Переезд и установление связи на новом месте потребовали около 18 часов, а в сущности говоря, связь была восстановлена, и то отчасти, лишь на третий день после остановки армии на венденских позициях, куда она отступила почти что самочинно. Там армия остановилась потому, что противник остановился на один переход раньше. Армии самой пришлось искать его и для этого вернуться верст на пятнадцать.
Но все это я узнал впоследствии по рассказам, по приказам и донесениям. Теперь же я ехал по направлению к Риге, не имея никакого представления о том, что там творилось.
Чуть ли не сразу за Псковом на шоссе стали попадаться автомобили, а на полдороге к Вендену[62]
и пешие толпы беглецов.Далее пошли целые вереницы. За Венденом все шоссе оказалось занято отступающими войсками. Большого беспорядка не было. По шоссе тянулись обозы, шла артиллерия, ехали обозники на лошадях с обрезанными постромками. По бокам дороги шли пешие части. Почти все солдаты жевали репу, вырываемую на лежащих близ дороги огородах. Иногда поблизости раздавались выстрелы – и тогда начиналась паника. Но сразу слышались голоса более уравновешенных: «Успокойтесь, товарищи, это только провокация», и все снова приходило в норму. Однако ясно было, что это не армия, а толпа, не способная ни на малейшее сопротивление. Я впервые видел отступление, и чувство стыда, злобы и бешенства охватывало меня, когда я глядел на эту ползущую армию, на этих жующих солдат.
В Зегевольде уже не было штаба армии, он перешел в Венден. Пришлось возвращаться обратно. Ничего отрадного в штабе армии я не узнал, хотя бы потому, что там ничего не знали: штаб не был связан ни с одним корпусом, несмотря на то что вся местность по всем направлениям имела целую сеть телеграфных и телефонных проводов. Но для связи пользовались посыльными, так как телефонная связь устанавливалась лишь спорадически и быстро прерывалась. Резервы имелись, но командующий армией не решался бросать их в дело, не зная точно обстановки.
Кроме того, были своеобразные «заскоки» – встретили, например, свеженькую дивизию с новыми винтовками. Но оказалось, что винтовки японские и дивизия не обучена пользоваться ими, да и патронов не было соответствующих.
В полном отчаянии искал я способа что-то сделать, дать выход напряженному желанию остановить армию, найти точку приложения для толчка, способного разбудить энергию войск. Но такой точки не было. Все было рассыпчато, рыхло и вязко. Да и о каком толчке могла идти речь? Ведь не уговаривать же! Хотелось запугать, устрашить суровой карой, чтобы армия почувствовала власть. Расстрелять кого-нибудь на виду у всех! Но кого?

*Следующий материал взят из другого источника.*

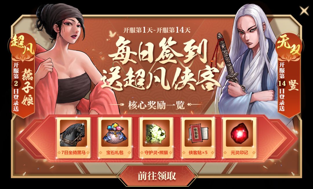 玩家每日登录签到可获得:超凡侠客·燕子娘,守护灵·熊猫、7日黑马坐骑等稀有道具! 连续签到14日,还可获得无双侠客·竖!

Первого попавшегося солдата, мирно жевавшего репу и идущего вперед с радостным сознанием, что опасность миновала и что он ничего дурного не сделал? Ведь все идут так, как он. Мне даже в штабе армии, где заведомо искали возможность свалить вину на солдат, не смогли сообщить ни одного факта неисполнения не только боевого, но и вообще какого бы то ни было приказа: наоборот, сознание опасности заставило солдат качнуться в сторону офицеров, и отношение к командному составу было вполне нормальным.
Или расстрелять начальника корпусного арьергарда, кавалерийского полковника, которого я поздно вечером застиг со свечкой у окна, обращенного к противнику, находящемуся на расстоянии не более версты, мирно раскладывающим пасьянс, в то время как его полк не имел связи ни с тылом, ни с соседними частями. Или командира полка, которого Войтинский нашел сидящим в канаве у дороги. Его полк, голодный и усталый, расположился на лужайке вокруг. Полковник, в последней стадии черной меланхолии, говорил, что ничего не в силах сделать и не имеет, чем накормить полк, так как потерял свою дивизию.
– Справьтесь в штабе корпуса.
– Потерял связь с корпусом…
– Как потеряли связь? Да ведь штаб корпуса в том доме, из которого я только что вышел…
Это несколько приободрило полковника, и все же понадобилась вся энергия Войтинского, чтобы немедленно со склада корпуса был выдан полку обильный паек.